Clients are becoming more aware of the efficiency AI tools can bring and are demanding faster delivery.

“They want the contracts to be less expensive because of these tools,” said Niknaz Aftahi, LEED AP BD+C, CEO and founder of aec+tech, an online platform based in the San Francisco Bay Area that connects AEC firms to software and technology tools, including AI-driven applications. (Aftahi is also a co-chair of the American Institute of Architects’ AI Task Force.) “So they encourage the architect to use this tool so they pay less. And it is becoming more competitive for companies to compete over a certain project and the timeline.”

Aftahi says architects spend only 30% of a project’s total time on design. The main part – about 70% – is construction documentation; when a project gets underway, architects become coordinators more than designers. As AI begins to automate that documentation work, the threat of job displacement is going to become serious, she says, “because 10 architects will probably be replaced with 2-3 architects.”

This may work out fine if there are plenty of other building projects for those displaced architects (or engineers). But, as many point out, the market for new buildings is inelastic.

“Are you going to 10X the number of projects as a whole that the entire market generates?” Reynolds asked. “Maybe. We might need that to address the housing crisis. But given current demand, if every firm operates with a mindset of staff reduction, at some point the entire industry would collapse.”

Between utopia and dystopia

The allure of AI – its ability to process mounds of complex information and reveal new insights – is inescapable, but the human beings who work alongside these systems don’t want to be subsumed by the machine.

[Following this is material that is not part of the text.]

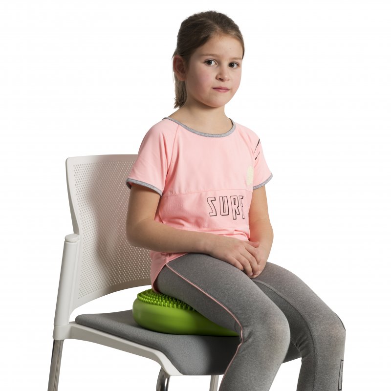 Versatile inflatable cushion can be used while sitting, standing, or lying on the floor. It can be used while seated to release accumulated energy, improve concentration and promote a good sitting posture. Used while standing it enhances proprioceptive and balance skills.

“As you get to AI, and it’s ‘Write a quote, or ‘Write an ask,’ you know, ‘Put something in there as a prompt,’ and it gets something out. It may look fantastic,” MacGregor said. “But are you vested in it? Is it yours? If you think about what we do as engineers, you’ve got to stamp the drawings and say that you’re in responsible charge of the design.

“How do we create people who can use those tools and still achieve that level of engagement, feeling a vested kind of ownership over the solution?”

MacGregor added that engineers take time to process complex problems – new AI workflows need to allow them to “process the complexities” of the problems they are solving.  “If our goal is to supercharge our people, we need to think about both how AI tools can support that goal and how we integrate the time needed for them to digest the solutions created,” he said.

The days of people not taking the technology seriously – assuming their unique skills can’t be replicated – are over.

“I don’t consider anything sacred,” Harvard’s Cesal said. “I just sort of assume that AI will find a way to replicate just about everything eventually. And I come from a background in humanitarian architecture, with a specialization in disaster reconstruction and resilience, and that informs how I look at any major disruption: Be prepared, assume the worst, and build your strategy around that.”

There is probably some middle ground between the utopian promise of AI and the dystopian fears – the same middle ground humans traditionally navigate any time a new technology becomes widespread.

“We’ve had to continually reinvent what it really means to be human,” Cesal said. “And for the longest time, it meant being able to think, being able to reason, being able to compose a sonnet, all this other stuff. I’m not sure it means that in the future, but it’ll mean something else. And that’s our task today – to author what exactly that’s going to be.”